Dovecot 2.4 and Debian 13

@CTS, thank you for your perspective. Just to clarify, I am testing both the current version for Debian 12 — even if not ready for Debian 13 — and the upcoming Virtualmin 8. My feedback specifically concern certain Dovecot directives and their expected locations. I also asked whether my post should be redirected to GitHub, so I’m confident my intent is clear. Continuing this back-and-forth is unlikely to be constructive, as the points I’ve made are clear—perhaps just misunderstood.

@ADDISON74
Yes I think you’re intent is not clear.
Testing a release that Cleary states that it is not for intended OS target and there being a almost ready to release version for said new Target OS is a waste of energy and this whole thread is corrupt because you’re intent is still not understood.

I wish we could all help with you’re original post but it is just pointless now.
If you find something in the not yet released Virtualmin 8 that does not run correctly please report to staff but testing on Virtualmin 7.x for Debian 13 is beating a dead horse now.
Have a blessed day

For it to be actionable, you have to be testing some reasonable combination of things (i.e. not Virtualmin 7 on an unsupported distro), and something specific (i.e. if you’re talking about Debian 12 and Virtualmin 7, or Debian 13 and the dev version of the Virtualmin 8 installer, those are two totally different things…different branches in git, different software repos, different packages). It isn’t clear what installer you used where you’ve having to do all these changes…if you used the Virtualmin 7 installer, everything you’ve mentioned is expected to fail. If you used the Virtualmin 8 dev installer, almost everything you’ve mentioned is expected to work and reports to the contrary are useful.
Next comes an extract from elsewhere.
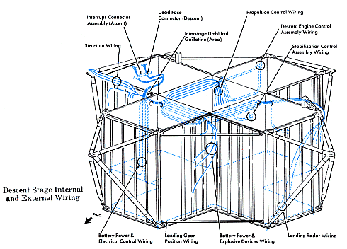 Included in the Electrical Power Subsystem are all the electrical harness and cable assemblies on the Lunar Module. The Descent Stage has approximately 5 major electrical harnesses and 45 electrical cable assemblies. Major harness and cable assemblies contained in the descent stage are shown .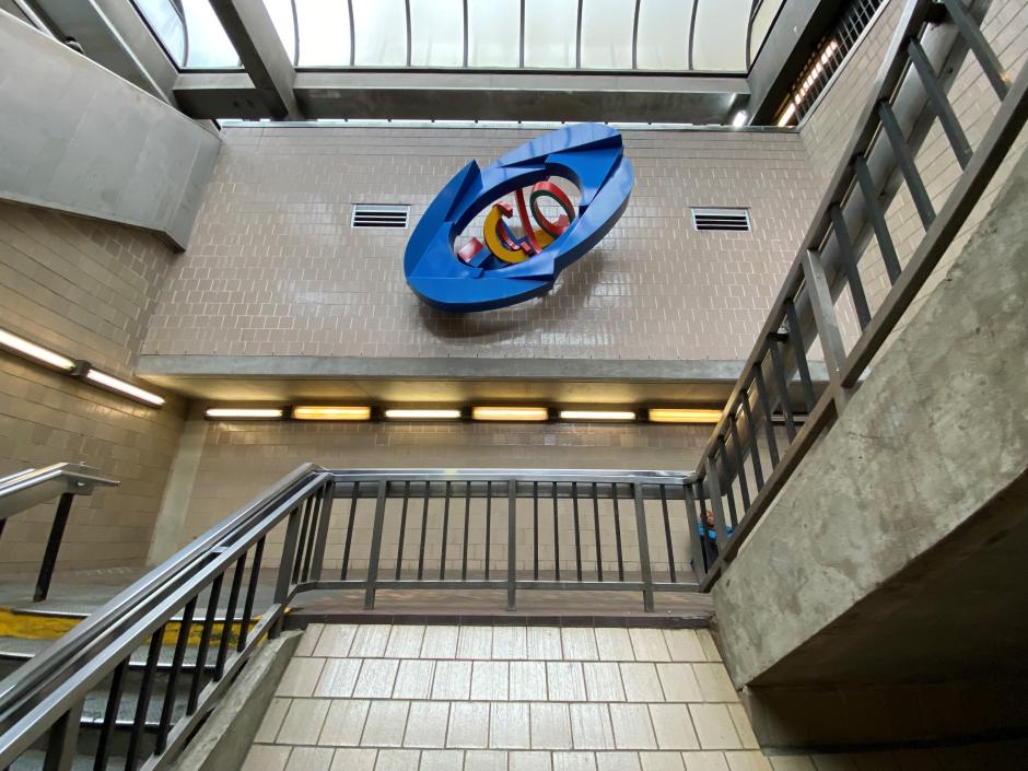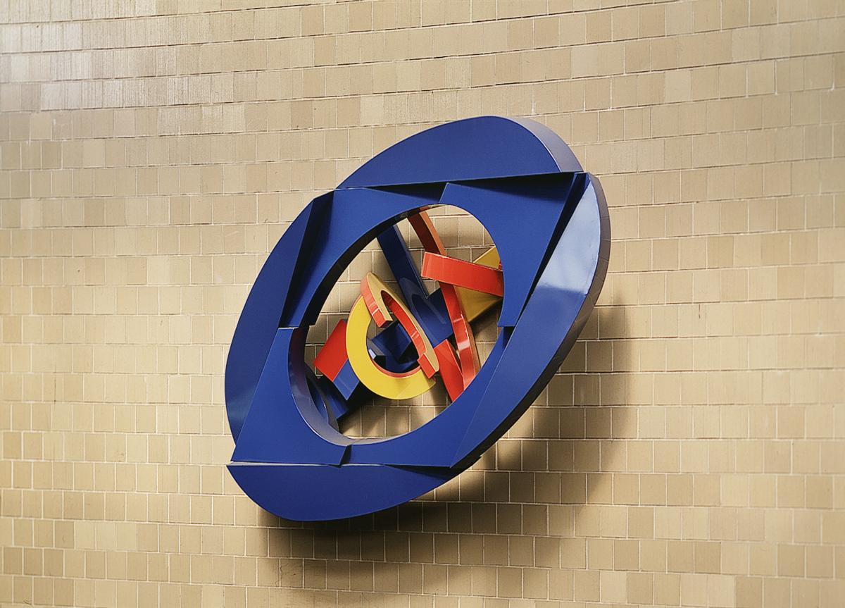The wall sculpture consists of two elements, a large ellipse and an armature that holds it, constructed of aluminum plate with deep welds. Sam Gilliam has long been interested in sculptural and theatrical work that interacts with the space it inhabits. He began draping his canvases and this led to his public sculpture such as this piece, where aluminum has taken the place of a canvas. In the artist's words, the work "calls to mind movement, circuits, speed, technology, and passenger ships...the colors used in the piece... refer to colors of the respective subway lines. The predominant use of blue provides one with a visual solid in a transitional area that is near subterranean."

But, I can’t keep up with a bunch of different things intermingled in one topic.

Webmin should already understand include files in the Dovecot configuration, but we’ll need to make sure we’re modifying the right things in Virtualmin-Config, and I’m trying to carve out some time for testing this weekend. Normally, when there’s a conf.d where we can override things, we’ll add something like 90-virtualmin.conf to place our configuration in, but Dovecot hasn’t always had that (but it has had it for much longer than 2.4 and we’ve supported config files in that layout for some time), and we’ve never converted to doing it that way in the Virtualmin installer for this particular service. Probably worth doing, though. We like to keep config in places where people can understand what we do and what their OS did (both so we don’t catch the blame for dumb things Ubuntu does, and so people can easily compare their system to a known-good Virtualmin system and know/understand what specific changes we make during install).

@CTS: I’d like to clarify my intent from an engineering perspective and respond to both points raised here.

The initial testing on Debian 13 with Virtualmin 7 was not meant as an attempt to make an unsupported stack work in production, nor as a bug report for 7.x. It was deliberately used as a way to explore the failure surface and better understand what expectations are reasonable for Virtualmin 8, especially given prior statements that many of these issues had already been analyzed and addressed. From that standpoint, starting with a known-broken combination can still provide useful context when evaluating whether the next major version actually closes those gaps.

I also want to note that, in my opinion, Virtualmin has faced and resolved far more severe issues in the past than what is being discussed in this thread. The points raised here are relatively minor by comparison and primarily relate to configuration hygiene and upgrade safety, not fundamental functionality.

@Joe: Thank you for the detailed explanation and for taking the time to look into this more thoroughly. I appreciate you considering additional testing and the idea of placing Virtualmin-managed settings into a dedicated file (for example, a 90-virtualmin.conf under conf.d). That separation is exactly what I was aiming to highlight: clearly delineating OS defaults from Virtualmin-managed configuration makes systems easier to reason about and significantly reduces the risk of accidental overwrites during upgrades.

I fully agree that actionable reports should be based on reasonable and supported combinations. Once I complete testing with Debian 13 and the Virtualmin 8 development installer, I’ll report any unexpected behavior in that context specifically.

Thanks again for the time and effort put into reviewing this — it’s appreciated.